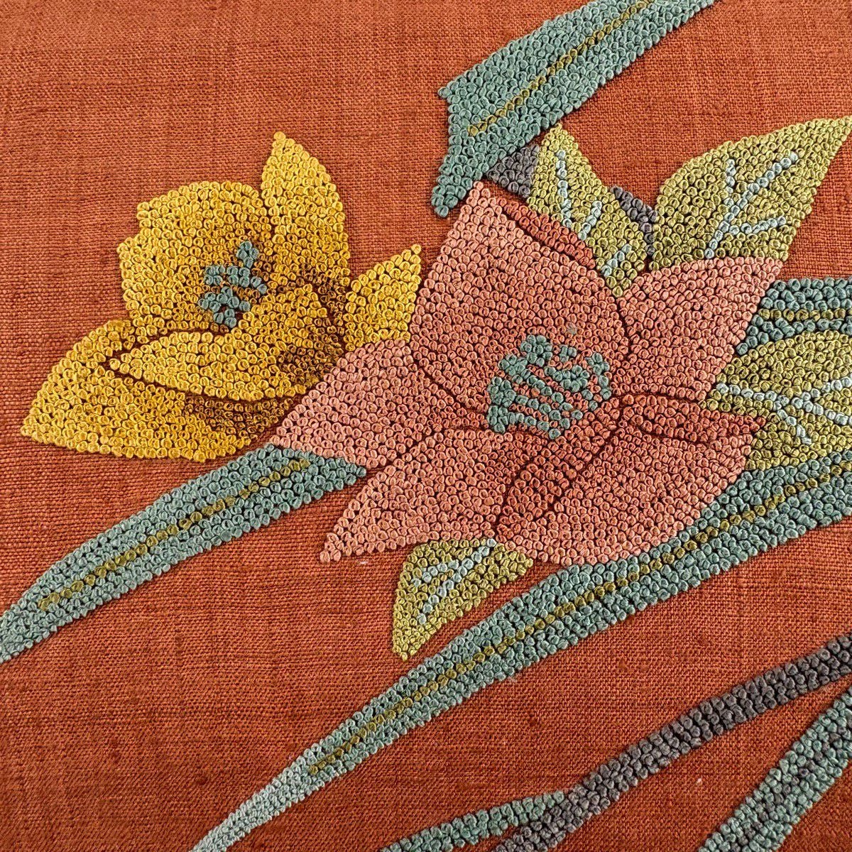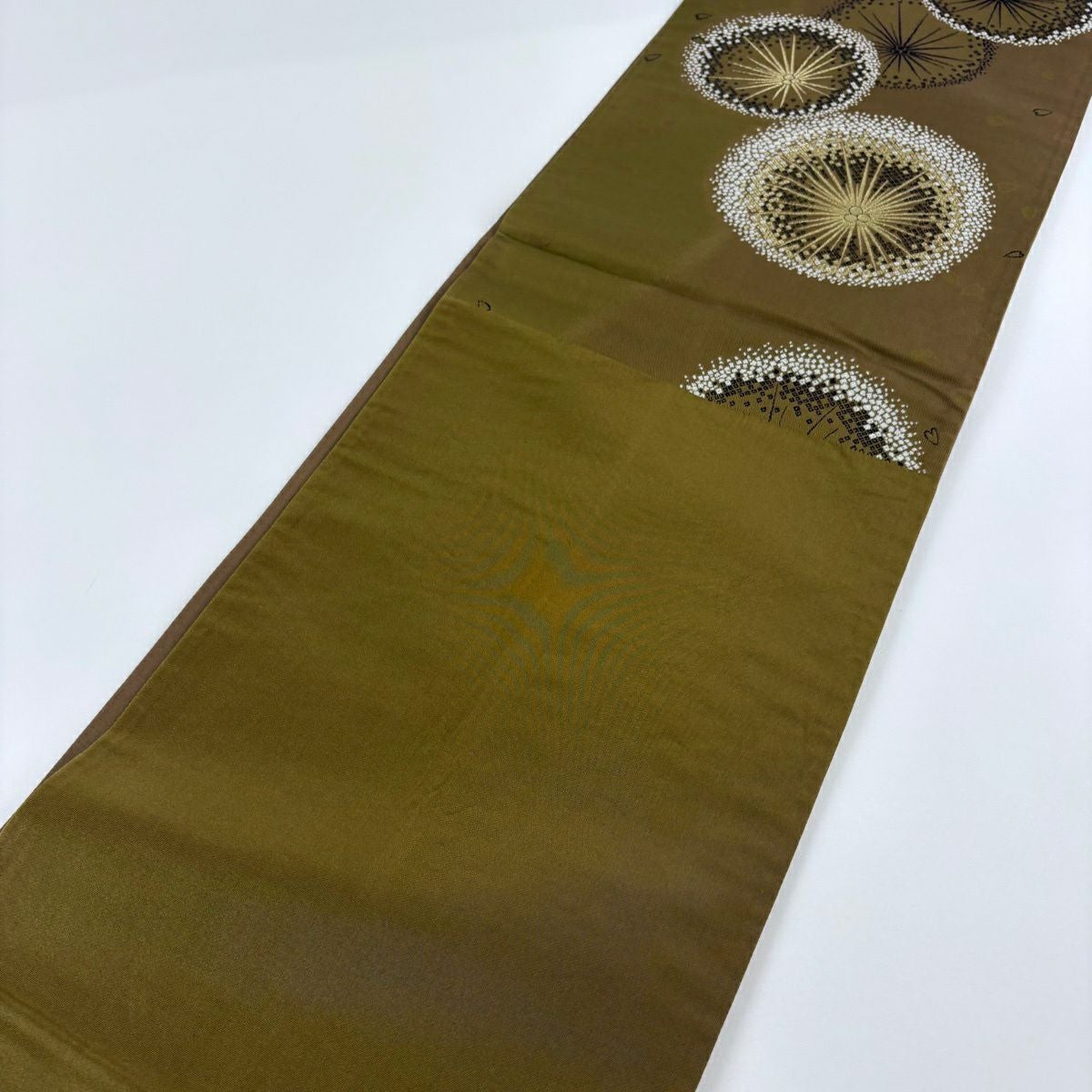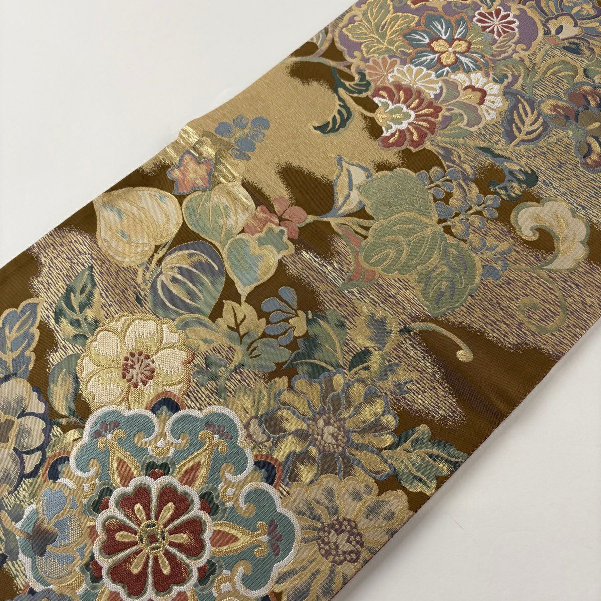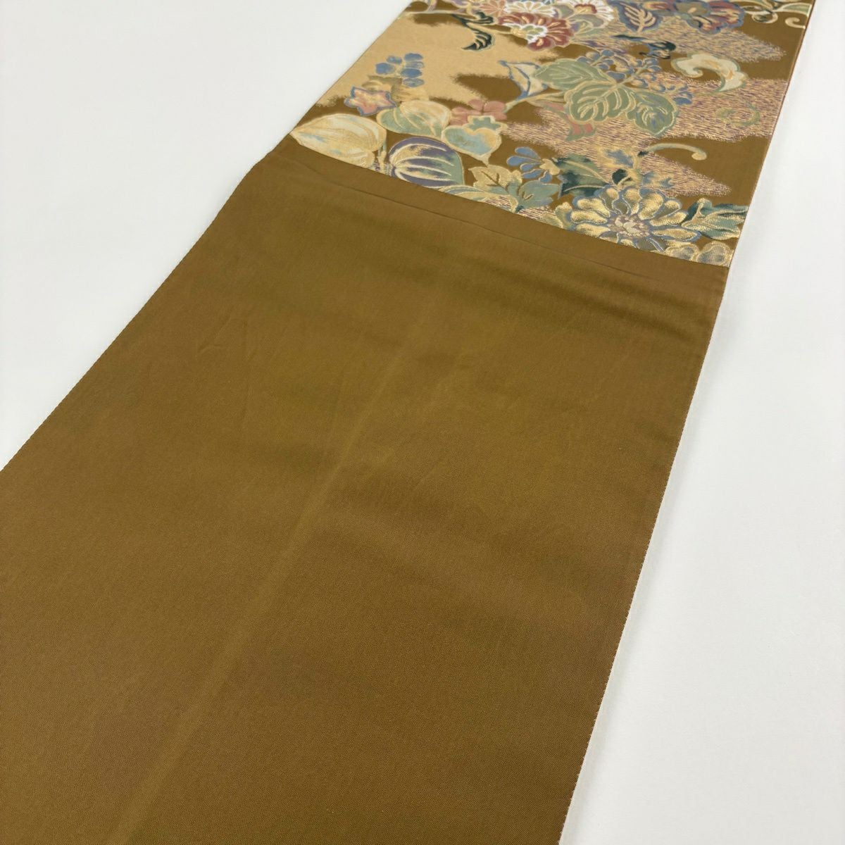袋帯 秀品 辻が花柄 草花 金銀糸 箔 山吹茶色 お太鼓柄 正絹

============

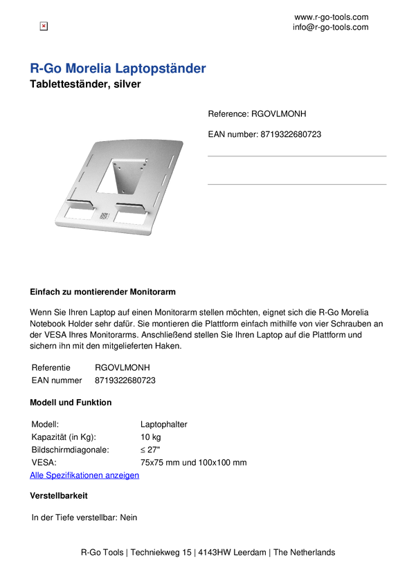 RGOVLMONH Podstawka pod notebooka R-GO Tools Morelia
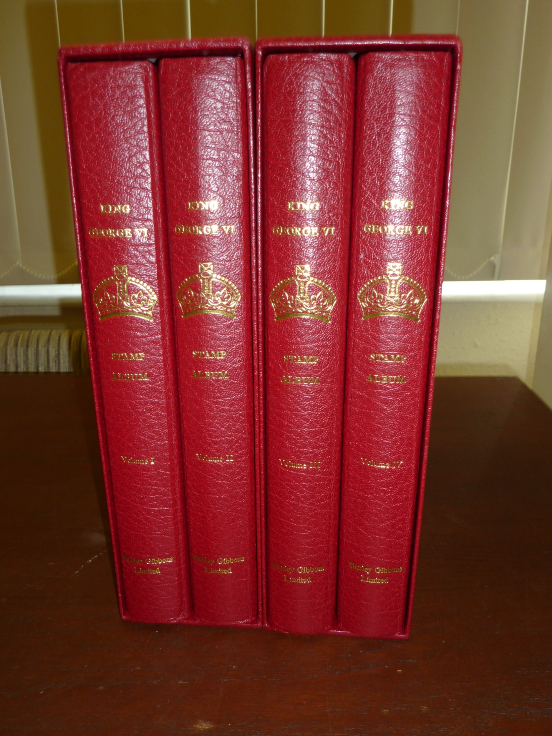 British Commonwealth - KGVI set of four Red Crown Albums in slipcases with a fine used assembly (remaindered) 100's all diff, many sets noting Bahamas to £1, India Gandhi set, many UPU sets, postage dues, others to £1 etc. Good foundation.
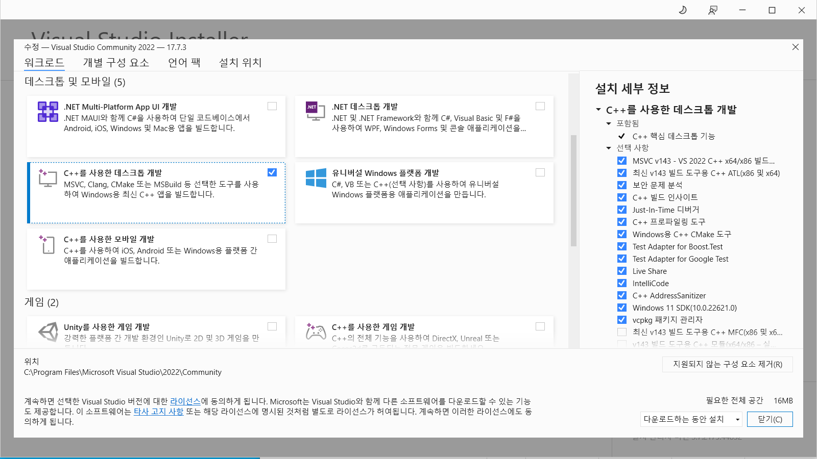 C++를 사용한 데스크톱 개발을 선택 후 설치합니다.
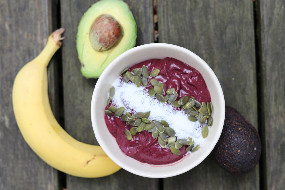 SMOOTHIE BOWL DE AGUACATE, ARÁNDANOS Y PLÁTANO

============

How to complete this task: Give the lines above again exactly, from the one containing "RGOVLMONH Podstawka pod" to the one containing "SMOOTHIE BOWL DE", both included, but leave out the pictures.

Result for this exercise:
 RGOVLMONH Podstawka pod notebooka R-GO Tools Morelia
 British Commonwealth - KGVI set of four Red Crown Albums in slipcases with a fine used assembly (remaindered) 100's all diff, many sets noting Bahamas to £1, India Gandhi set, many UPU sets, postage dues, others to £1 etc. Good foundation.
 C++를 사용한 데스크톱 개발을 선택 후 설치합니다.
 SMOOTHIE BOWL DE AGUACATE, ARÁNDANOS Y PLÁTANO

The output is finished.